# [Your task]
Produce exactly the lines from the one holding "Figure 1.--RAST values" through the last line of the data below, with every picture left out.

--- Task data Enclosed Below ---

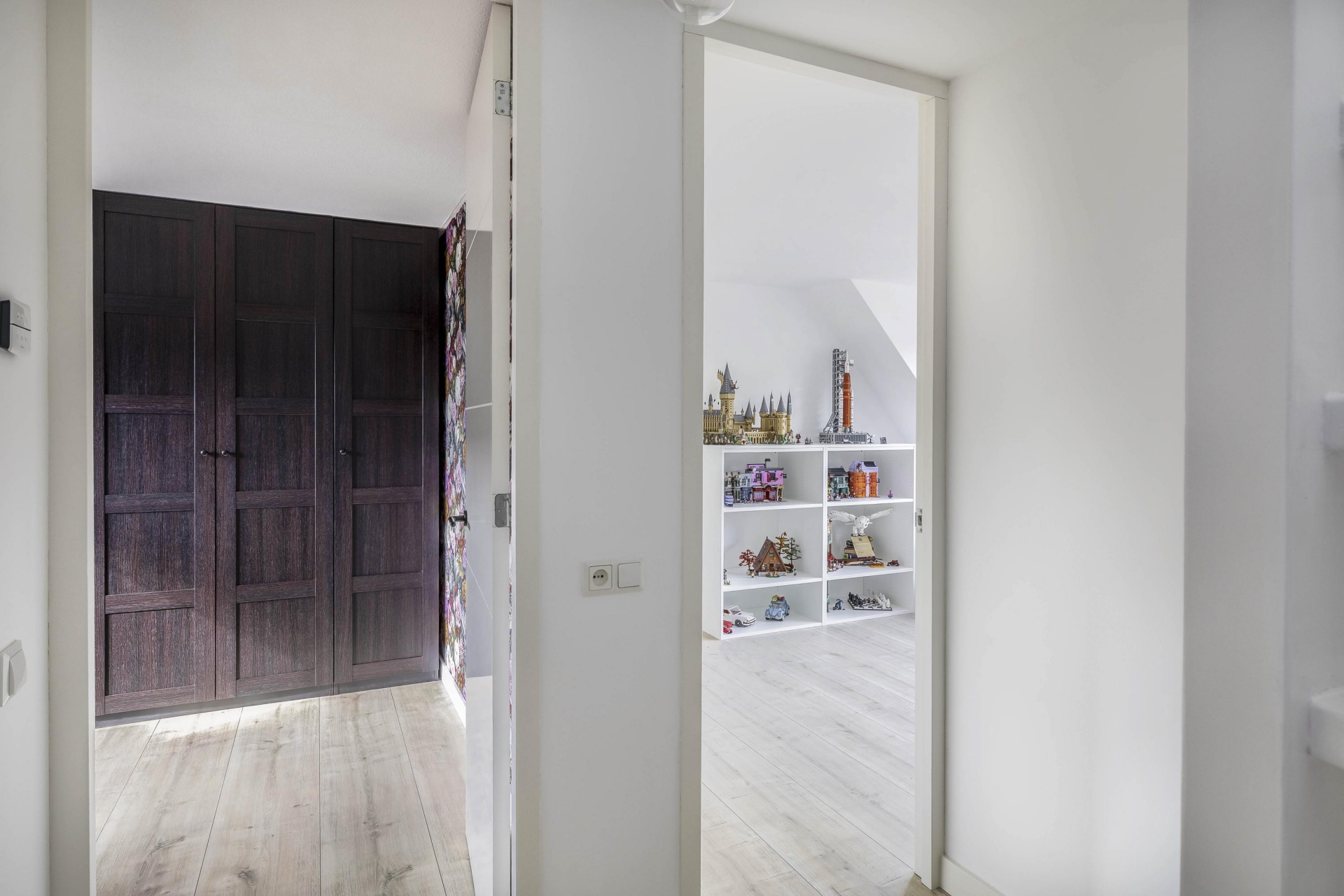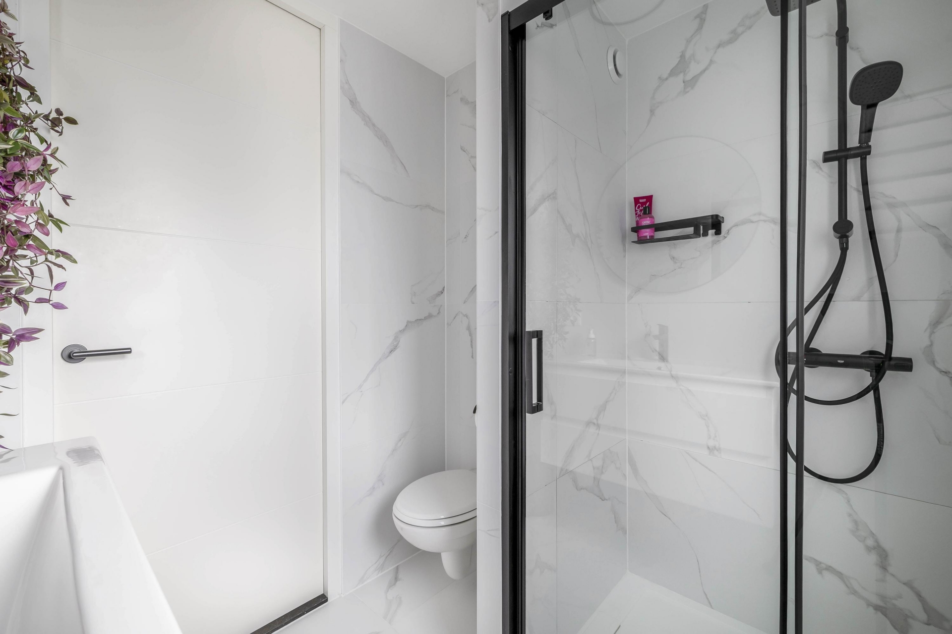 Ook de bovenverdiepingen zijn volledig aangepakt. De badkamer is in 2021 vernieuwd en uitgevoerd in een stijlvolle marmerlook met zwart sanitair. Hier vind je een ruime inloopdouche, wastafelmeubel met spiegel en een tweede toilet. Er zijn drie slaapkamers, waarvan twee zeer ruim. Oorspronkelijk waren dit er vier, maar de huidige eigenaren hebben gekozen voor meer ruimte en comfort. Een kunststof dakkapel aan de achterzijde vergroot de bovenverdieping en zorgt voor extra licht.
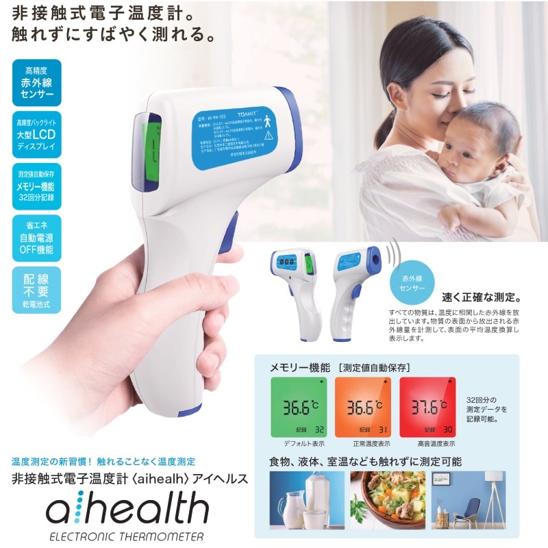 【即納】 非接触式 電子温度計 電池式 メモリー機能付 おでこ温度計 体温も計れる 遠赤外線センサー 高精度 メモリー 配線不要 ...
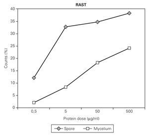 Figure 1.--RAST values obtained after incubation of CNBr-activated disks with different concentration of spore and mycelial extract of C. cladosporioides.
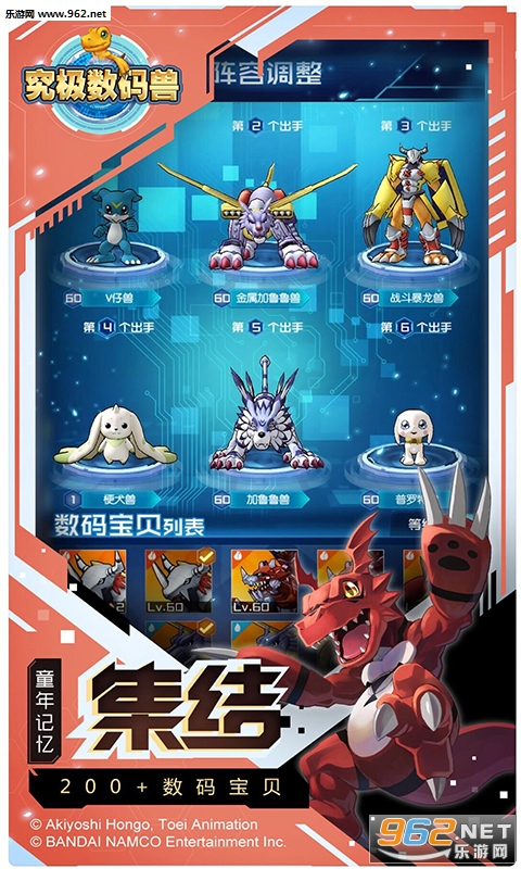 《究极数码兽》是一款以经典动漫《数码宝贝》为故事背景的立体卡牌游戏。游戏冒险的形式,搭配同伴羁绊卡牌系统,经典重现《数码宝贝》的动画剧情。同时拥有丰富的数码兽究级进化体系,打造属于您的数码兽战队与它们并肩作战,让您重温儿时的热血与梦想。
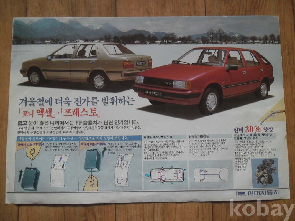 현대자동차 포니 엑셀. 프레스토 홍보 리플릿

--- End of Enclosed Task data ---

# [Output below]
 Figure 1.--RAST values obtained after incubation of CNBr-activated disks with different concentration of spore and mycelial extract of C. cladosporioides.
 《究极数码兽》是一款以经典动漫《数码宝贝》为故事背景的立体卡牌游戏。游戏冒险的形式,搭配同伴羁绊卡牌系统,经典重现《数码宝贝》的动画剧情。同时拥有丰富的数码兽究级进化体系,打造属于您的数码兽战队与它们并肩作战,让您重温儿时的热血与梦想。
 현대자동차 포니 엑셀. 프레스토 홍보 리플릿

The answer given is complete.